さて、今回のドコモの新料金プランですが、そんなキャリア側の割り切った思惑が微妙に反映されていのことなのか、データ通信を重視するネット民にはやや納得がいきがたい方向へ舵を切ったと言えるのかもしれません。

現行プランとの比較で探る:ドコモ新料金プランで「得する人損する人」――通話とパケット通信で検証してみた(ITmedia 2014/4/14)

必ずしも新料金プランが得になるとは限らない。特に通話が少ない(49分未満の)人には新料金プランは割高なプランになってしまう。ITmedia
上記記事によれば、通話をほとんどしないデータ通信中心のスマホユーザーであれば現行提供されているプランを利用する方が割安であるとハッキリ結論が出ています。
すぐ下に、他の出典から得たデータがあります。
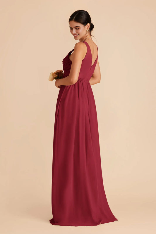 Modern A-Line Chiffon Deep V Sleeveless Open Back Floor Length Bridesmaid Dress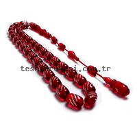 Gümüş Çakımlı Kapsul Kesim Kırmızı Renk Kehribar Tesbih

しかし、そうしたスマホ向けの既存プランとその関連割引サービスについては「2014年8月末をもって新規受付を終了」(NTTドコモ)が明らかにされていますから、データ通信主体のスマホユーザーにとっては実質的な値上げという解釈もでき、今後そういう客筋に関してはMVNO等で他の通信サービスへ流れていくという図が見える話でもあります。

また一方で、他社キャリアや固定回線への通話にも完全定額制を適用したということは、通話を目的とした国内固定電話回線の契約数をさらに減少させるであろうことも容易に想像できます。NTTグループ再統合のような話が色々と巷で立ち上がっていますが、はたしてそうした背景での取らぬ狸の皮算用ありきで話が進んでいるとすれば、その後想定した状況と異なる何らかの事態が発生したときには色々とまたグループ内での調整が大変そうですが、そうした内輪に向けたベクトルだけで事業展開して美味しくやっていける時代でも無くなったという話でもあるのでしょう。そういう意味でも今回のドコモは思い切ったなと感じ入る次第です。

ドコモは思い切った後でどこへ向かっていこうとしているのかは良く分かりませんが。